Viúva e mãe de apenas um filho, a comerciante aposentada Juraci Malta Borges, 63, mora sozinha no Jardim Boa Esperança. Na casa dela, conta com a companhia de 33 canários-do-reino e duas calopsitas. Os animais vivem em gaiolas na varanda e, mesmo em cativeiro, conseguem se reproduzir. Segundo ela, em dezembro de 2007, a residência ficou com cerca de cem aves, entre adultos e filhotes. Apesar da paixão por eles, Juraci não cria só por hobby e vende boa parte das espécies por não ter como tratar de todos.

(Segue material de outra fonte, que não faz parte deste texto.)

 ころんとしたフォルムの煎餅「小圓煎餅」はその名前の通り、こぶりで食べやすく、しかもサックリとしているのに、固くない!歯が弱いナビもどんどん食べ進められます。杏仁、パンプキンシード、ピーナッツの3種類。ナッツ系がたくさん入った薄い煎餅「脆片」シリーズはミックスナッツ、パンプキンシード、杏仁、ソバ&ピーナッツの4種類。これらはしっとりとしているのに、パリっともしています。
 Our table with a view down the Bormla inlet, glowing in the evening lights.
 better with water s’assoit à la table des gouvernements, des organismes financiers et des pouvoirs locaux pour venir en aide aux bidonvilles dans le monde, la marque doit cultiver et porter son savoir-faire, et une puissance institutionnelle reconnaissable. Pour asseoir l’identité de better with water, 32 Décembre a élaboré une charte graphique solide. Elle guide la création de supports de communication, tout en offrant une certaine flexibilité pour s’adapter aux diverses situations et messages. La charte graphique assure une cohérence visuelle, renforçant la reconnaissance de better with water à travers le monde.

Ela começou a criar os pássaros há cerca de dez anos. “Sou apaixonada por aves”. A “coleção” foi iniciada com apenas um casal de canarinhos, mas foi só crescendo. Os animais chocam entre agosto e dezembro. Cada fêmea bota em média quatro ovos. Os filhotes demoram apenas 13 dias para nascer. Juraci controla as datas numa agenda. Cada canário é vendido por R$ 30. “No fim do ano, tiro uns R$ 2 mil vendendo as aves”.
O ritual até o nascimento é curioso. A fêmea não bota todos os ovos de uma vez. Cada ovo é retirado pela dona e substituído por um de madeira. Quando botar todos, Juraci retorna os originais para o ninho. “É preciso fazer assim para serem chocados ao mesmo tempo e os filhotes nascerem no mesmo dia. Se nascerem em datas diferentes, os pais tratam diferente e os maiores podem matar os outros”, disse Juraci, que aprendeu a técnica num curso sobre aves feito em Viçosa (MG) e nos livros sobre pássaros que lê.

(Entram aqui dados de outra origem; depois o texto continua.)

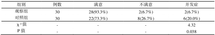 表 2 对比满意度及并发症
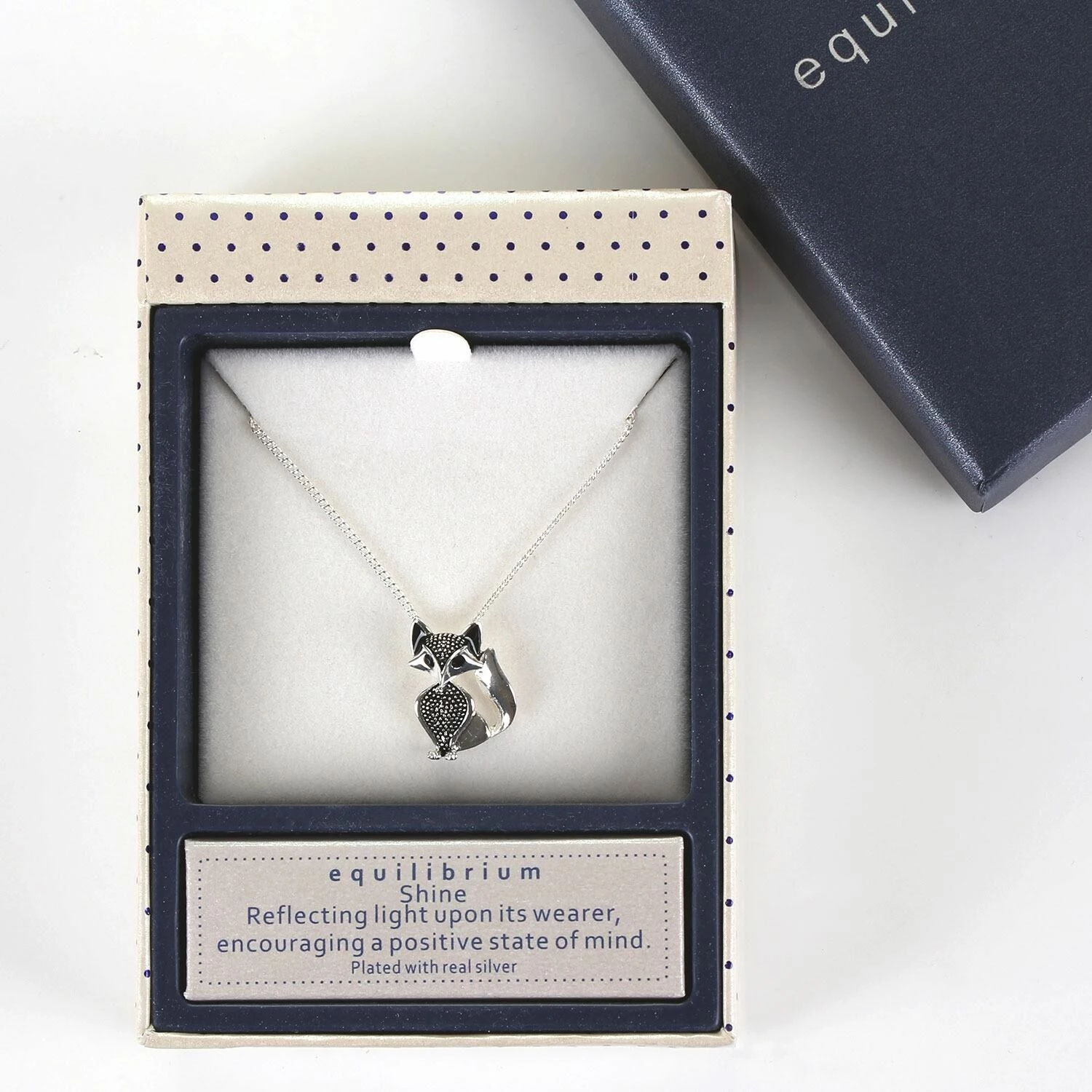 An elegant fox is suspended from the chain of this necklace from the Equilibrium jewellery range. It is the perfect addition to a day or evening outfit and makes a lovely gift.

Os filhotes são retirados da mãe com duas semanas de vida. Quando atingem esse período têm direito a tomar banho em água morna, serem enxugados com toalha e terem as penas secas com secador. “Passo remédio para matar piolhos”. O banho dos adultos é mais independente. A gaiola é colocada no sol com a vasilha de água e eles se banham sozinhos.
BEM-TRATADOS
A dedicação também é intensa na hora de alimentá-los. Às 6 horas, Juraci está acordada. Faz a limpeza da gaiola e arruma o “café da manhã”. “Cozinho ovos para os canarinhos, preparo frutas, sementes e vitaminas”.
Para relaxarem e aprenderem a cantar, ela coloca um CD com outros passarinhos cantando. “Eles adoram. Agora vou ensinar as calopsitas a falarem”. A relação entre a dona e os pássaros é próxima, como com cachorros e gatos. “Quando abro a porta com a chave, eles já começam a se movimentar e fazer barulho”.
A casa de Juraci funciona como um mini-hospital de aves. Ela cuida dos animais de outras pessoas, recebe de conhecidos pássaros encontrados machucados e os trata. Na casa, sempre tem antibióticos, colírio e remédios para micoses. “Leio nos livros que tenho e pelos sintomas sei como tratar deles. Depois que estão bons, os solto na fazenda”, disse ela, que gasta cerca de R$ 320 por mês para manter todos animais.
A Polícia Ambiental de Franca informou que não é preciso ter autorização para criar canários-do-reino e calopsitas.